[time-nuts] Measuring receiver...
jimlux
jimlux at earthlink.net
Tue Jun 21 21:02:21 UTC 2016
On 6/21/16 11:28 AM, Brooke Clarke wrote:
> Hi:
>
> During W.W.II there were secret methods of "fingerprinting" radio
> transmitters and separately the operators.
> I suspect the transmitter fingerprinting involved things like frequency
> accuracy, stability, CW rise and decay time, &Etc. For the operator some
> from of statistics on the timings associated with sending Morse Code.
> But. . . I haven't seen any papers describing this. Can anyone point
> me to a paper on this?
>
For "human controlled" stuff, e.g. recognizing someone's "fist", there's
a huge literature out there on biometric identification looking at
things like keyboard and mouse click timing - the timing requirements
are pretty slack, and hardly time-nuts level, unless you're looking to
do it with mechanical devices constructed from spare twigs and strands
of kelp.
There have been a variety of schemes for recognizing individual radios
by looking at the frequency vs time as they start up.

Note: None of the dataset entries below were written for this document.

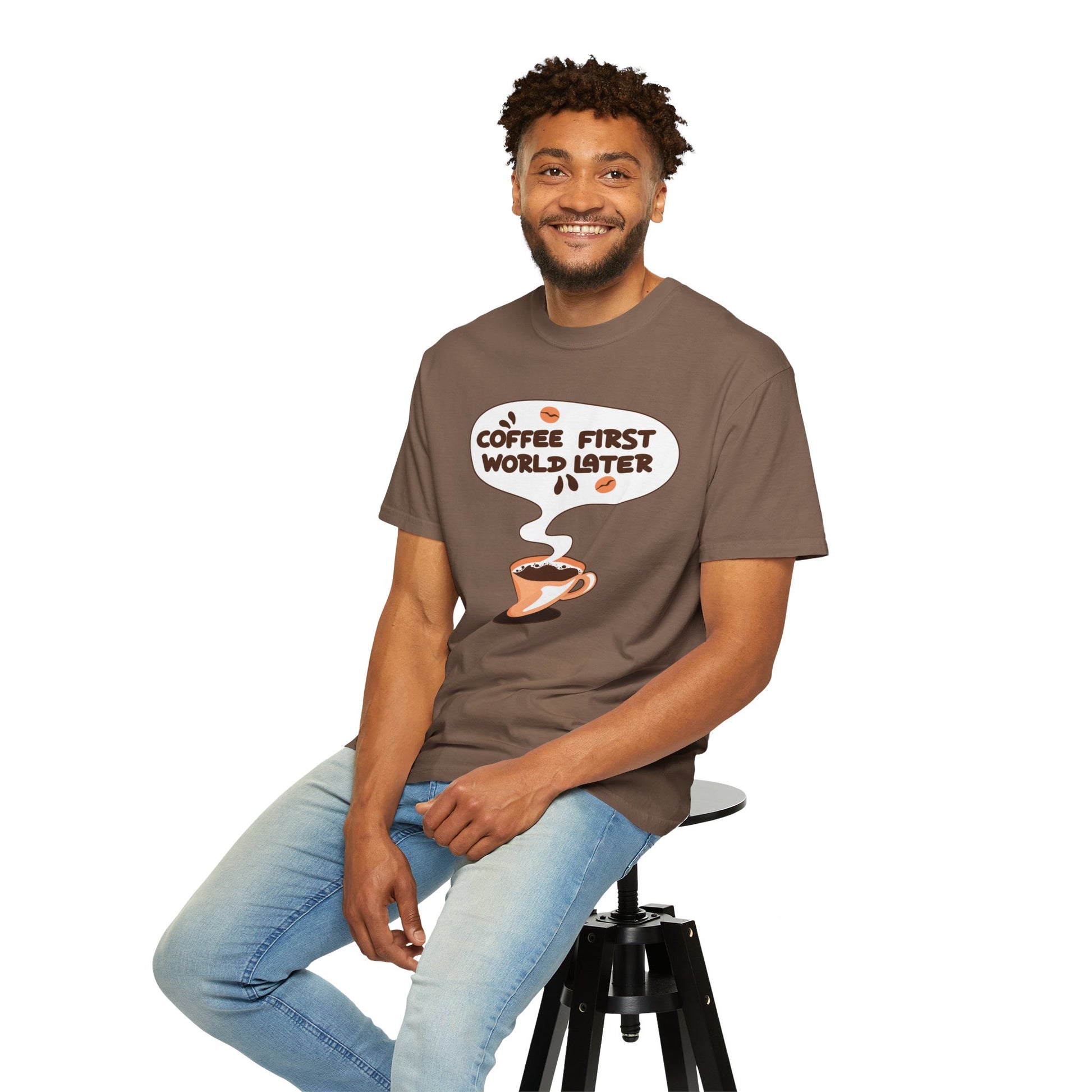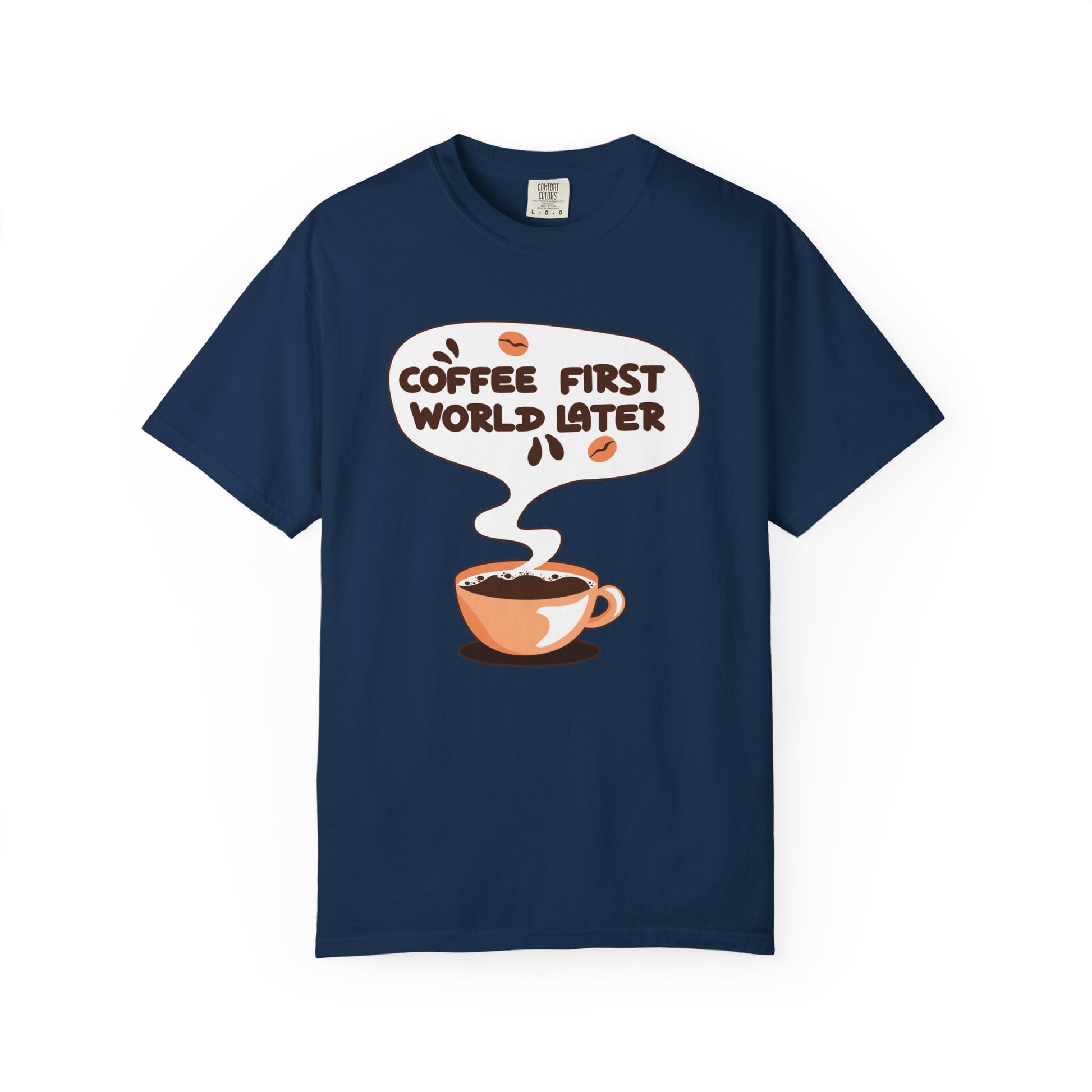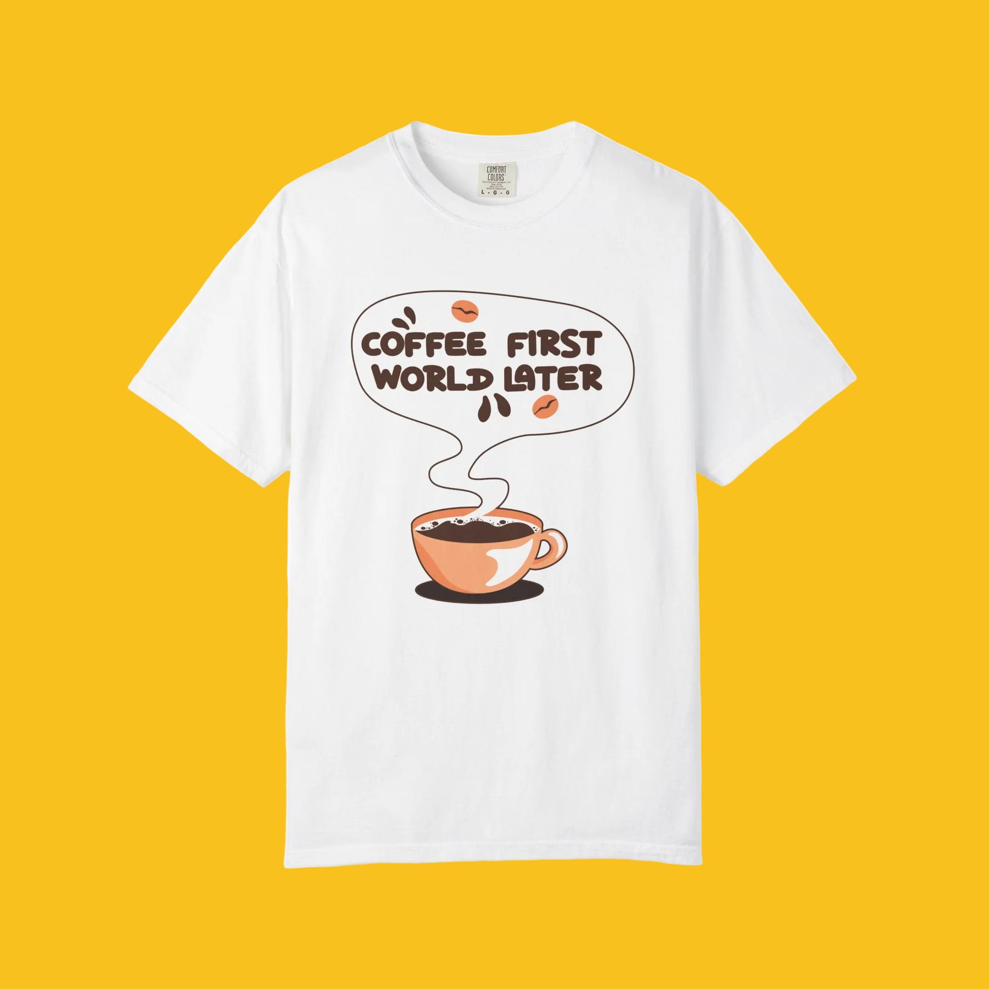 A tee that speaks your mantra—"Coffee First, World Later." Perfect for caffeine lovers who know their priorities!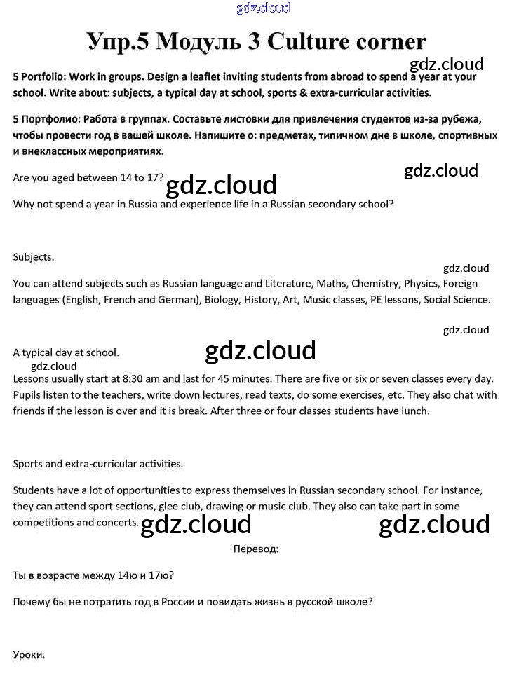 Ответ на задание 5 Учебник Английский язык за 10 (десятый) класс Афанасьева, Дули, Михеева, Оби, Эванс Spotlight 2015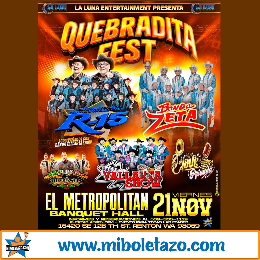 QUEBRADITA FEST BANDA ZETA - BANDA R-15 - BANDA VALLARTA SHOW EN EL METROPOLITAN WA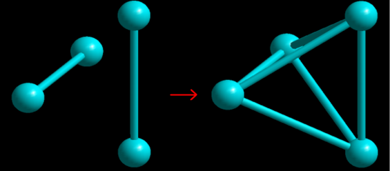 Figura 3. La combinazione di due gruppi bi-atomici danno luogo alla molecola minima tetraedrica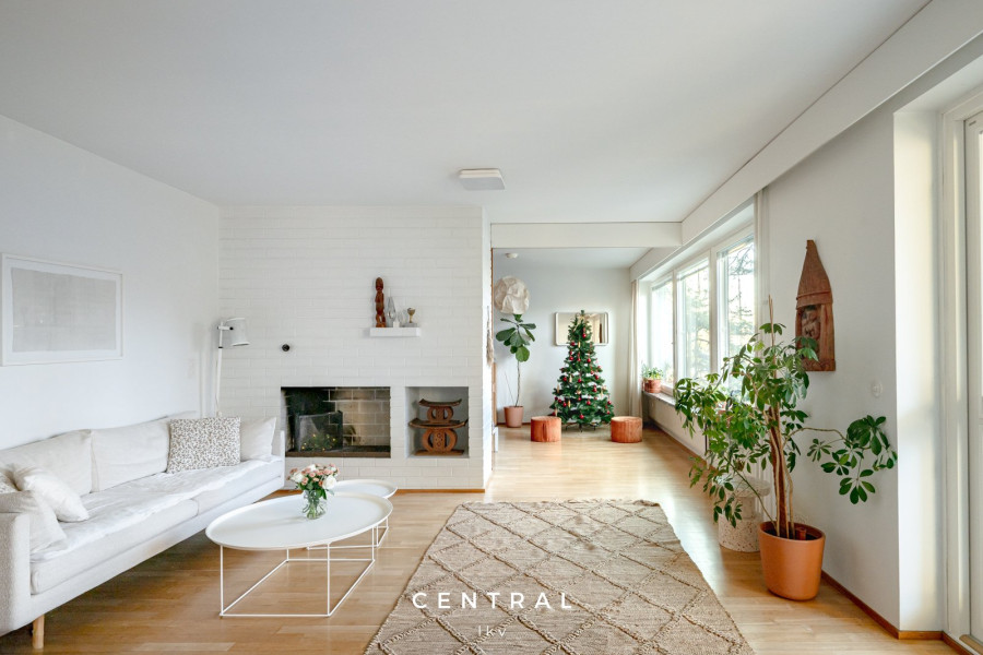 Olohuoneen yhteydessä on tunnelmallinen takka, olohuoneesta käynti terassiparvekkeelle ja piha-alueelle, josta avautuvat upeat näkymät Ramsayn rannan yli Munkkiniemen venesatamaan ja merelle. Olohuoneen yhteydessä ruokasali, josta avarat näkymät.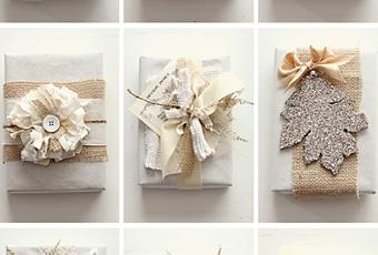Un collage impresionante de texturas, para demostrar que regalos envueltos en papel liso con adornos de tonalidades parecidas no tienen por qué ser aburridos: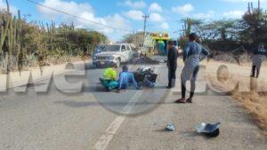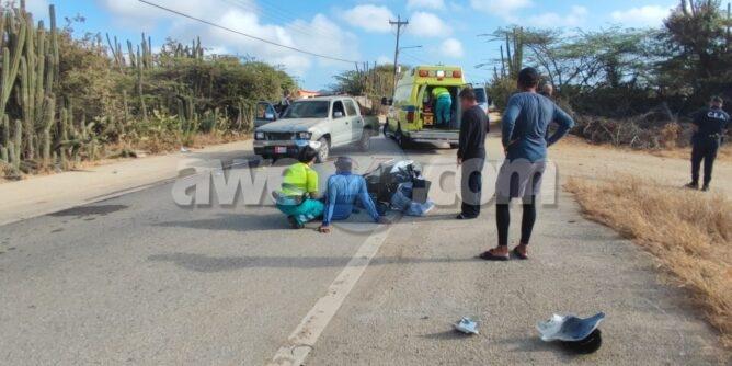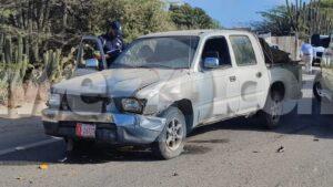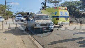 Diaranson mainta a drenta informe di un accidente cu hende herida na Barcadera, mesora a dirigi tanto polis como ambulans na e sitio. Na yegada di e patruya a bin compronde cu ki ta trata di un accidente unda cu un postbode a core trot bay pa un cacho riba caya cu a bay pa atak’e no yeg’e pero ela bay dal riba un pick-up pasando. Debi na e impacto aki ela dal abao y herida su mes. Na yegada di e ambulans nan a atende e victima y a transporte pa hospital. Na prome instante polis kier a detene e chauffeur pasobra e no por a mustra ningun identificacion pero despues di un rato e identifacion a aparece y no tabata necesario mas pa detene e chauffeur.

Likewise, it's
pretty easy to distinguish radar magnetrons from each other. Not a lot
of papers about this, but you'll see it in advertising literature, or
occasionally in conference pubs (although I can't think of any off
hand). There was someone selling a repeater access control system that
was based on the transmitter fingerprint.
But the real reason why you don't see any publications is that this
stuff is pretty classic signals intelligence (SIGINT or MASINT) and it
is still being used, and is all classified. You're not relying on Betty
the receiver operator to recognize the characteristic chirp as the
agent's radio is keyed, it's all done by computer now, but the basic
idea is the same. And as with most of this stuff, the basics are well
known, but the practical details are not, or, at least, are the
proprietary secret sauce in any practical system. (In a significant
understatement, Dixon, in "Spread Spectrum Systems" makes some comment
about how synch acquisition is the difficult part and won't be described
in the book)
You might look at the unclassified proceedings of conferences like
MILCOM and find something. Googling with MASINT might also help.